--- DIRECTIONS FOR THIS TASK ---
Starting at the line with "при проверке дома" and ending at the line with "A child's wooden", print exactly the lines of the entries below. Pictures do not belong in the copy.

--- SUPPLIED MATERIAL ---
+ + +

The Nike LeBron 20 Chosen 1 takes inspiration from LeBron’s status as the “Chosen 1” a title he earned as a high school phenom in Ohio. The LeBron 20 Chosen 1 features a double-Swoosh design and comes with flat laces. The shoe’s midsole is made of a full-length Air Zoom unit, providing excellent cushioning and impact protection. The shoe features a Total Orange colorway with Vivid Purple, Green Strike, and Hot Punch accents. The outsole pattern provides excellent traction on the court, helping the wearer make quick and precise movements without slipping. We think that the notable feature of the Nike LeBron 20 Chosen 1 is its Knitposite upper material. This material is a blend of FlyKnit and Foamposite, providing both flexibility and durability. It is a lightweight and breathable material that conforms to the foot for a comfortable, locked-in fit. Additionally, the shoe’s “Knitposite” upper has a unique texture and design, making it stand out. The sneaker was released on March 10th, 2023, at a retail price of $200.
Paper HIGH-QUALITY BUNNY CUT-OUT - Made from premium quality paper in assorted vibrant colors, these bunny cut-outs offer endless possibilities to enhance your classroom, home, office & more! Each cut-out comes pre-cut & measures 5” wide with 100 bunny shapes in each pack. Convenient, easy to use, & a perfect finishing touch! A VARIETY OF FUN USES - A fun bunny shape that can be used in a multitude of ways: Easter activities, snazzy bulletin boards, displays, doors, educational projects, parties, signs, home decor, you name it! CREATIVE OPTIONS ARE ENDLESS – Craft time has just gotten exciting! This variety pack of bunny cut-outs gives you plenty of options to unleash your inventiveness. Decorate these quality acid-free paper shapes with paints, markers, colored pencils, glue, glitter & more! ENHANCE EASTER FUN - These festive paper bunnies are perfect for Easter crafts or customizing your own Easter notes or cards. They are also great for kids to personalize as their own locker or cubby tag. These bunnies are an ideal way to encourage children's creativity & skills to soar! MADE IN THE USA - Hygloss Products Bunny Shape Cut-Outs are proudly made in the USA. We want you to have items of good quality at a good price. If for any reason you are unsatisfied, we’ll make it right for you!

+ + +

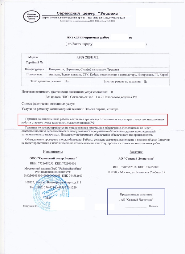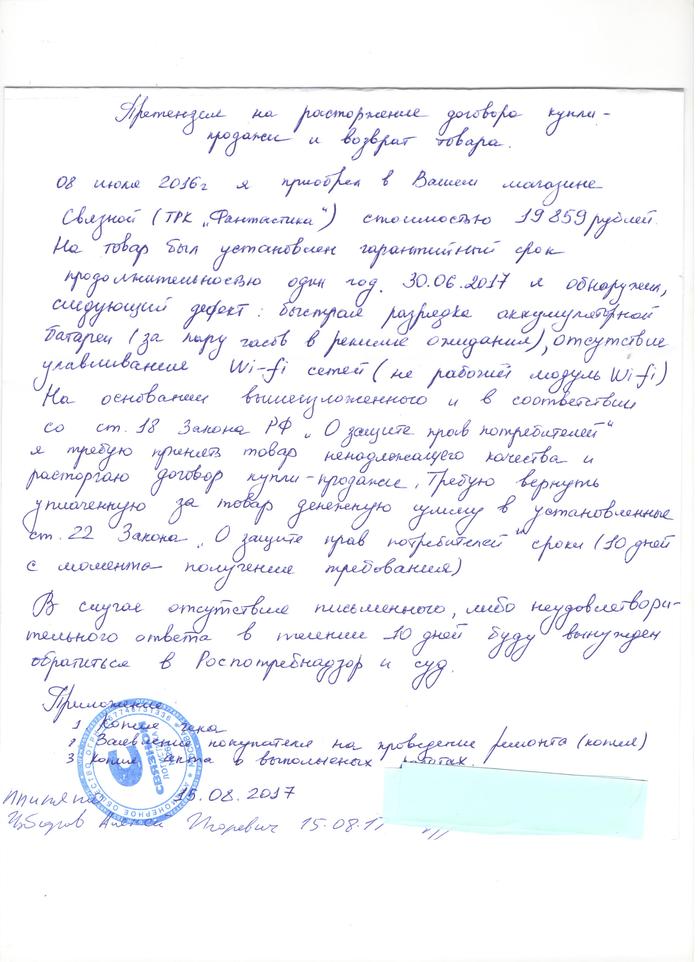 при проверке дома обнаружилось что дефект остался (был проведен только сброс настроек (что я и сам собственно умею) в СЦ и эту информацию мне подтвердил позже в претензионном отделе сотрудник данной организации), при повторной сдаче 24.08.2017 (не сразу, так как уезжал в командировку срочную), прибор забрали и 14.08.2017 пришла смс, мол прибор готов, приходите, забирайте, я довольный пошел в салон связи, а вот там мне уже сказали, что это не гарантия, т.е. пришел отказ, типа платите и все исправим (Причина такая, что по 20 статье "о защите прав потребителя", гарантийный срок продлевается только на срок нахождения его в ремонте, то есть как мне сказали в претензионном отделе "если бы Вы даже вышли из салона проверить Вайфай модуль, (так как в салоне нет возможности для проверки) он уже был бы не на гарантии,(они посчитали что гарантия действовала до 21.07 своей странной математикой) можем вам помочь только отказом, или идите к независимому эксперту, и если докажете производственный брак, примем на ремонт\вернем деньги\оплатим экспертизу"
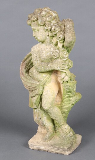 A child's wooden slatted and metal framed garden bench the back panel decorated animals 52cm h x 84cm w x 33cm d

+ + +

--- RESPONSE TO THE TASK ---
 при проверке дома обнаружилось что дефект остался (был проведен только сброс настроек (что я и сам собственно умею) в СЦ и эту информацию мне подтвердил позже в претензионном отделе сотрудник данной организации), при повторной сдаче 24.08.2017 (не сразу, так как уезжал в командировку срочную), прибор забрали и 14.08.2017 пришла смс, мол прибор готов, приходите, забирайте, я довольный пошел в салон связи, а вот там мне уже сказали, что это не гарантия, т.е. пришел отказ, типа платите и все исправим (Причина такая, что по 20 статье "о защите прав потребителя", гарантийный срок продлевается только на срок нахождения его в ремонте, то есть как мне сказали в претензионном отделе "если бы Вы даже вышли из салона проверить Вайфай модуль, (так как в салоне нет возможности для проверки) он уже был бы не на гарантии,(они посчитали что гарантия действовала до 21.07 своей странной математикой) можем вам помочь только отказом, или идите к независимому эксперту, и если докажете производственный брак, примем на ремонт\вернем деньги\оплатим экспертизу"
 A child's wooden slatted and metal framed garden bench the back panel decorated animals 52cm h x 84cm w x 33cm d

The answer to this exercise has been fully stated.